JNK is a member of the family of mitogen-activated protein (MAP) kinases, and its activation has been suggested to regulate the induction of c-jun through the phosphorylation of c-Jun (31). The activation of JNK in ECV cells by treatment with PMA or TNF-alpha was rapid and transient (Fig. 7A). Intense bands of phosphorylated GST-c-Jun were observed within 30 or 15 min of PMA or TNF-alpha treatment, respectively. This phosphorylation of c-Jun gradually decreased and reached almost basal levels after 180 min of both treatments. Thus, to evaluate the effect of quercetin on JNK activity, the activity of this kinase was determined after 30 or 15 min of PMA or TNF-alpha activation. Pretreatment of cells with quercetin dose dependently decreased both PMA- and TNF-alpha mediated JNK activation (Fig. 7B). At 50 µM, quercetin almost completely suppressed PMA- and TNF-alpha -stimulated JNK activity (Fig. 7B).

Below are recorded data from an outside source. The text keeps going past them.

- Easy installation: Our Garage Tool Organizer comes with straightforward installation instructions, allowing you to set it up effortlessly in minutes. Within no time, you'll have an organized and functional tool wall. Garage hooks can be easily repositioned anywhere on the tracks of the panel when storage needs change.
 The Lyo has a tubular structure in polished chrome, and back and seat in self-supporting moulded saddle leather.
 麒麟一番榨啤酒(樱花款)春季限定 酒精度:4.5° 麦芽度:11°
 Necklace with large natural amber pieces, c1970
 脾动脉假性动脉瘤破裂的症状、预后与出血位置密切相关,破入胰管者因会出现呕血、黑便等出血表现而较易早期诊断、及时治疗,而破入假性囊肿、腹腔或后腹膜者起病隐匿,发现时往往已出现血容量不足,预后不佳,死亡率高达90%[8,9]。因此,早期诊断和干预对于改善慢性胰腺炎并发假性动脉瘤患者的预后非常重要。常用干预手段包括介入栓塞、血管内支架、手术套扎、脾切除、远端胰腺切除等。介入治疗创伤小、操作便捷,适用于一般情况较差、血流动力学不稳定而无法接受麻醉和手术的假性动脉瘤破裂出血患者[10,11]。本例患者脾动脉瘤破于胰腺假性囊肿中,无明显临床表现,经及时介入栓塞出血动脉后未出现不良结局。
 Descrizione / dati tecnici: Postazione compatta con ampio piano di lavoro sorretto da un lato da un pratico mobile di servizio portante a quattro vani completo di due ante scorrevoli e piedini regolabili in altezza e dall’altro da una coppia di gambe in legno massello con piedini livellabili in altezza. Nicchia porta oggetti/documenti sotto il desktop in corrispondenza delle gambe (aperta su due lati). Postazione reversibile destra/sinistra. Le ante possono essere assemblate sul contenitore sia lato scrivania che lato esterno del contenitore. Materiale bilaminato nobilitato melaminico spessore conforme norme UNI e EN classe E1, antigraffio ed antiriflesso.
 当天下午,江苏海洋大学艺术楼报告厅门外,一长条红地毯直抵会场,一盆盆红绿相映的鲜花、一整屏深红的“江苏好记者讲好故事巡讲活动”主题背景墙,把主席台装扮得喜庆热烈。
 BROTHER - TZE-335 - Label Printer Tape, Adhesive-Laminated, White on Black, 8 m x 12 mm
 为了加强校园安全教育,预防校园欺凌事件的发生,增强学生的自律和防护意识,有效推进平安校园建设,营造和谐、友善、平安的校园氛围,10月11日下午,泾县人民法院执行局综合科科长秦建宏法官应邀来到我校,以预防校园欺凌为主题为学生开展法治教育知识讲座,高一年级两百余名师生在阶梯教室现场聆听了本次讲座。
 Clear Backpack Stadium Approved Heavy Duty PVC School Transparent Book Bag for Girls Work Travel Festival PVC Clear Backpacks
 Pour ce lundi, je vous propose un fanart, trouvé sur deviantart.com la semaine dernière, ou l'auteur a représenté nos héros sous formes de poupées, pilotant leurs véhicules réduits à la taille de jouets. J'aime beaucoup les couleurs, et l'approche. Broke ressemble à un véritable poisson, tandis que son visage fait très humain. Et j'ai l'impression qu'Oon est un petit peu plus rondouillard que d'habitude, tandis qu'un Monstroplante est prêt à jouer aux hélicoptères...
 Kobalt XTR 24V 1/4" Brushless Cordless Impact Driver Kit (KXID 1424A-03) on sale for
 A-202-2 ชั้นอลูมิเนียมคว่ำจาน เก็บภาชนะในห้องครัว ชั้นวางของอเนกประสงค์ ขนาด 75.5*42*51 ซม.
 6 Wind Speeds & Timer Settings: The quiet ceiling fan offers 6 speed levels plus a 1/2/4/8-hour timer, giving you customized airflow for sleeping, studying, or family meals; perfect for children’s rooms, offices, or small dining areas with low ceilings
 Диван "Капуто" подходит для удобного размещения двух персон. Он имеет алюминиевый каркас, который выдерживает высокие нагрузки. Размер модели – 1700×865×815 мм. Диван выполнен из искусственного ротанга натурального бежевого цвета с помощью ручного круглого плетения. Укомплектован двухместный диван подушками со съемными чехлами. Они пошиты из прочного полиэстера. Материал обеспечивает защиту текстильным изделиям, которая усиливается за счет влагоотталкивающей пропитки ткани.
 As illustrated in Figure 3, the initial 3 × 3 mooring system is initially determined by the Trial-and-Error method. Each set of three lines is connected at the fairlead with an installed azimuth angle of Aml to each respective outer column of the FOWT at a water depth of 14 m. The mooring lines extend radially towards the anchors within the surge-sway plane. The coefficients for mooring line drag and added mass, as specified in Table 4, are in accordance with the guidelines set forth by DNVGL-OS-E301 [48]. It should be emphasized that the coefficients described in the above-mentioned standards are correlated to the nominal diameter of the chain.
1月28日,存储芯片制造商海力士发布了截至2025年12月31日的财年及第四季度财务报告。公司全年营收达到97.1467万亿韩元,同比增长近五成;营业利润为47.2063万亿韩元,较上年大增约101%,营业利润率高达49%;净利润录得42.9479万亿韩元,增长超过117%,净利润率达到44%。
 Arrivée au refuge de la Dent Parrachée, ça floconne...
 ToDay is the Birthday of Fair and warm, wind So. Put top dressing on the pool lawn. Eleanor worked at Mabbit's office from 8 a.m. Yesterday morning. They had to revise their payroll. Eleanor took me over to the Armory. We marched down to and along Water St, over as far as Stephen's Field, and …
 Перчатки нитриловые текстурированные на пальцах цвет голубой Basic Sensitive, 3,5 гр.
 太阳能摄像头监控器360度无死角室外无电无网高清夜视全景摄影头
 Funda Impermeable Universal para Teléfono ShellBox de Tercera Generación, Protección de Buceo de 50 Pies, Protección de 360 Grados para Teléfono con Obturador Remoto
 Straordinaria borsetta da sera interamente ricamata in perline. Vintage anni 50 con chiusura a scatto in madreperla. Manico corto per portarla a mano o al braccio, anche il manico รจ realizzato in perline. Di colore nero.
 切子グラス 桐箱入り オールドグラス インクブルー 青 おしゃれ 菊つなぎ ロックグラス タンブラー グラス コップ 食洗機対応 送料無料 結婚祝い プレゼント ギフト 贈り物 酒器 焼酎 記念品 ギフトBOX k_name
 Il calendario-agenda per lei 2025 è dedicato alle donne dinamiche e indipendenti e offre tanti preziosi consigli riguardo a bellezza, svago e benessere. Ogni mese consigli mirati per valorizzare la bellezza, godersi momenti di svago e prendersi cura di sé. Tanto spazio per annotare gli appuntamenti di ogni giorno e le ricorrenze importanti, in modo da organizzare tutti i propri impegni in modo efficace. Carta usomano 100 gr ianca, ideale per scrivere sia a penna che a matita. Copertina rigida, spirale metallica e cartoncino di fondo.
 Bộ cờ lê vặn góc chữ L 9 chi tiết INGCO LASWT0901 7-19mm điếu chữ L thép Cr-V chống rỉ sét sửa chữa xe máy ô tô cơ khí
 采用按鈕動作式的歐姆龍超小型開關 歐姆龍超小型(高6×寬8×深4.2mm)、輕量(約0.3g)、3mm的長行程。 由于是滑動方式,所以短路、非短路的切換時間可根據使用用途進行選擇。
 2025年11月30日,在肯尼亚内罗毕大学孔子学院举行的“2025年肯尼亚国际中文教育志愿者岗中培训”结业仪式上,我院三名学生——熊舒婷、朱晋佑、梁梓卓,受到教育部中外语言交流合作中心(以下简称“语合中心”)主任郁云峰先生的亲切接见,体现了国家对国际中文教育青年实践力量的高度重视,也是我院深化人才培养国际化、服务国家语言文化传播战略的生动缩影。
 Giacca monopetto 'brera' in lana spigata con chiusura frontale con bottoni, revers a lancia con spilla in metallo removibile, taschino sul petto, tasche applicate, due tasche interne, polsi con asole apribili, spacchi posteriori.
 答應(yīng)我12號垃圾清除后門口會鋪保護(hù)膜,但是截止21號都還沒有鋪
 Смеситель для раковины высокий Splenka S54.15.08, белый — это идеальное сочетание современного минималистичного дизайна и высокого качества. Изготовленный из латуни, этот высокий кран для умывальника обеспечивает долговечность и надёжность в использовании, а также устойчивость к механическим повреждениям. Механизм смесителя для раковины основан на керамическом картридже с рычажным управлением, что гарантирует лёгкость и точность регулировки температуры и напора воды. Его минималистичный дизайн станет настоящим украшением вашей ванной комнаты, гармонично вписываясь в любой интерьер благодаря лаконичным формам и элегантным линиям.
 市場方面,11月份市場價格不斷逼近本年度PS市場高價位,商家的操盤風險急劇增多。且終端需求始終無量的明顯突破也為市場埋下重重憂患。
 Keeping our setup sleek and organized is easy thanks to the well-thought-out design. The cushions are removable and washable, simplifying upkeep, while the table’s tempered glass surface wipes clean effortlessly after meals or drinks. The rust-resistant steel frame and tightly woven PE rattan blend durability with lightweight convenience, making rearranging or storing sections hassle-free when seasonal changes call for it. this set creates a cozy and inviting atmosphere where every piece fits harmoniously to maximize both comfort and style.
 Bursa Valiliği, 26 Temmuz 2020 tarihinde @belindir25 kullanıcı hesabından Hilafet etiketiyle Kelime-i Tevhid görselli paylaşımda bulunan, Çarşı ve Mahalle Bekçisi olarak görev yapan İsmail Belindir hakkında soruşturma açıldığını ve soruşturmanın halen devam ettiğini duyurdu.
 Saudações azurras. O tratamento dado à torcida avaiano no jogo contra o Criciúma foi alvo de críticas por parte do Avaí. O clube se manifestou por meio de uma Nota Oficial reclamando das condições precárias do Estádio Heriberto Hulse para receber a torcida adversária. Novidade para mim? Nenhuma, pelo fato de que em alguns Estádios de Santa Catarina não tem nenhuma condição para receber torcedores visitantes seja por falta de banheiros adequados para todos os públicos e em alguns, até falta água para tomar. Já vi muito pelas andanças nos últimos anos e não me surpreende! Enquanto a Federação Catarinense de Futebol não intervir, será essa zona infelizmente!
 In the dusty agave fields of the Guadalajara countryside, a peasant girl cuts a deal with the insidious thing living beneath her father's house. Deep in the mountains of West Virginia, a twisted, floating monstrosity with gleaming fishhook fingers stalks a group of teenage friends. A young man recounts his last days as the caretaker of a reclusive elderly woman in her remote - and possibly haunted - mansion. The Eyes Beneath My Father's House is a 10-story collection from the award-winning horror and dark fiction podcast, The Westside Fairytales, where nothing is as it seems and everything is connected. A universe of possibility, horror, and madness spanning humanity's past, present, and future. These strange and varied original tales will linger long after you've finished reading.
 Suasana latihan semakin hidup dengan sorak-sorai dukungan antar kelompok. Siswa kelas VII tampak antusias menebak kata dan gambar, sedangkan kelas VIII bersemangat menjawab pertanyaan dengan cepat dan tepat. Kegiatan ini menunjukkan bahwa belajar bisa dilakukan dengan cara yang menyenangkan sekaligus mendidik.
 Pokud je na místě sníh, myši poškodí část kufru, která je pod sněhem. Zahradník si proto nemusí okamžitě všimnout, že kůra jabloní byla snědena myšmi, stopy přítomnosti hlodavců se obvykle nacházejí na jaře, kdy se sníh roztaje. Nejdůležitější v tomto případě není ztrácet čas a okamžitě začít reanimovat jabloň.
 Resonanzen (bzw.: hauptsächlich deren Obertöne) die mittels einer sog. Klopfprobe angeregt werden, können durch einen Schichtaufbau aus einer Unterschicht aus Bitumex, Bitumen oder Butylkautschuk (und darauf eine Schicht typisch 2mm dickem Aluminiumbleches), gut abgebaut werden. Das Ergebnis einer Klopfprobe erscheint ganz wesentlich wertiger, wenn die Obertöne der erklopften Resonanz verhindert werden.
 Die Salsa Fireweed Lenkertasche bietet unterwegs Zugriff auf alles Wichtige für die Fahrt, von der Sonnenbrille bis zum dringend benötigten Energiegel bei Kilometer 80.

View larger version (22K):
[in this window]
[in a new window]
 
Fig. 7.   Effect of quercetin on transient activation of c-Jun NH2-terminal kinase (JNK) by PMA and TNF-alpha . A: ECV cells were treated with 100 nM PMA or 10 ng/ml TNF-alpha for indicated time periods and assayed for JNK activity. B: ECV cells were pretreated with indicated concentrations of quercetin for 3 h and then activated with PMA (100 nM) or TNF-alpha (10 ng/ml) for 30 or 15 min, respectively. Position of phosphorylated glutathione S-transferase (GST)-c-Jun is indicated. Numbers below autoradiograms represent phosphorylated levels of GST-c-Jun obtained by densitometric analysis.


    DISCUSSION
TOP
ABSTRACT
INTRODUCTION
MATERIALS AND METHODS
RESULTS
DISCUSSION
REFERENCES

Recently, several in vivo studies have suggested that plant flavonoids possess potent anti-inflammatory (9, 23) and antioxidant properties. Adhesion molecule ICAM-1 is known to play a central role in the regulation of cellular inflammatory responses (7). Regulation of ICAM-1 gene expression has been related to oxidative stress through specific redox-sensitive transcriptional or posttranscriptional mechanisms (29, 38). Various antioxidants, including flavonoids, have been reported to regulate the expression of adhesion molecules on the cell surface (23, 47). Quercetin is known to have beneficial effects in cardiovascular and circulatory disorders (25) and is one of the most potent antioxidants among dietary flavonoids (45). Several studies have shown recovery of dietary quercetin from plasma, suggesting the bioavailability of this flavonoid (18, 37). Furthermore, because of the long half-life of elimination (~24 h), repeated consumption of quercetin-containing foods has been suggested to cause accumulation of quercetin in blood (28). This study shows for the first time that quercetin is an inhibitor of agonist-induced ICAM-1 protein and mRNA expression.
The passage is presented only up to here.